But now, at last, the increase of working mothers too busy to fix a traditional meal, husbands facing long commutes to the office who want to sleep in until the last minute and children rising at different hours to go to school have meant the end of breakfast as a meal that the family eats together. And with a spur from a rising interest in health foods, breakfast cereals are establishing a beachhead in Japan.

Market sales in retail value nearly quadrupled in three years to 24 billion yen ($176.5 million) last year and are expected to reach $265 million this year, said Shoji Ito, products director for Nestle. He predicted a 100-billion-yen ($740-million) market by 1993.

Nowadays, “fathers eat rice from an instant rice cooker. Mothers eat bread. And the children eat cereal. And each prepare their own breakfast,” Ito said.

“Mornings are getting busier and busier for Japanese families,” he added.

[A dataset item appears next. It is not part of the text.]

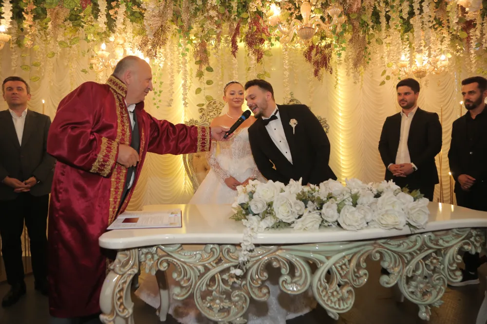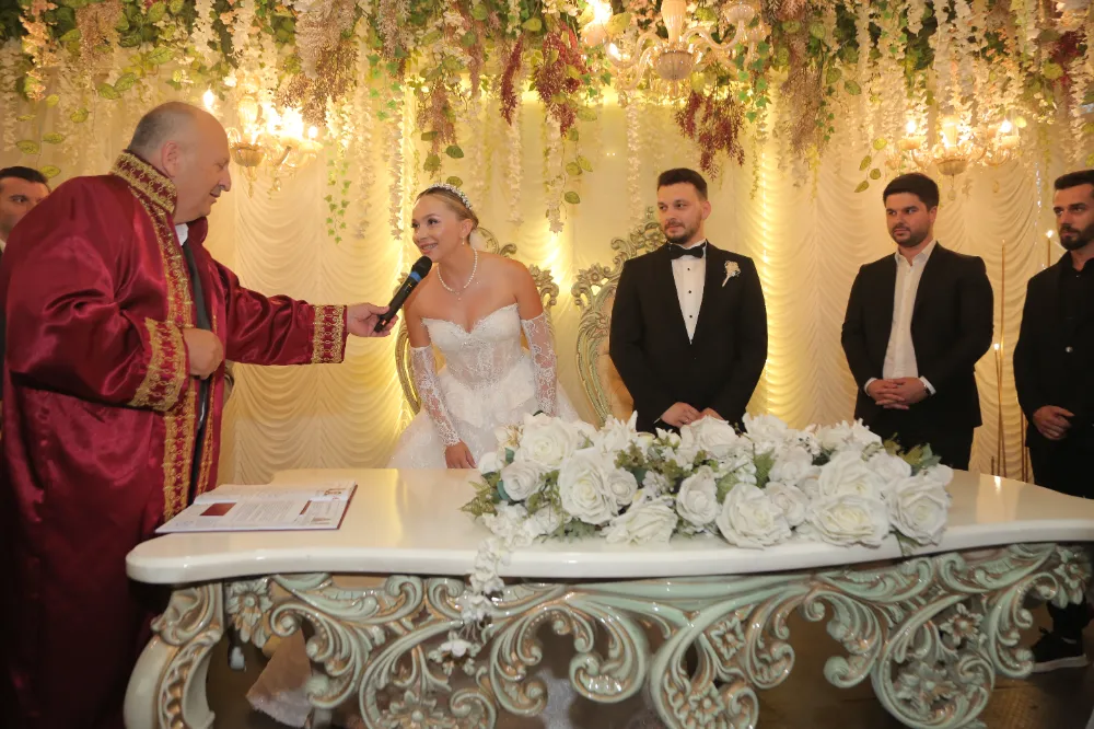 Çiftin pasta kesiminin ardından düğüne katılan misafirler müzik eşliğinde gece geç saatlere kadar eğlendi.

Kellogg, the king of the market with at least the three top-selling cereals, now finds competitors emerging by the droves. In the last three years, 10 new companies started manufacturing cereal. But it was the entry into the market in 1987 of Nestle, the giant Swiss firm, that awakened the long-slumbering market and began moving cereal out of the snack category and onto the breakfast table.

Cereal advertising on television doubled in 1987, the year Nestle came out with its Japanese-sounding “ asa gohan series,” Ito said. Asa gohan literally means “morning rice,” a traditional expression used alternately with the more modern word choshoku (breakfast). Nestle’s initial ads, nonetheless, were unabashedly Western: They featured rap music.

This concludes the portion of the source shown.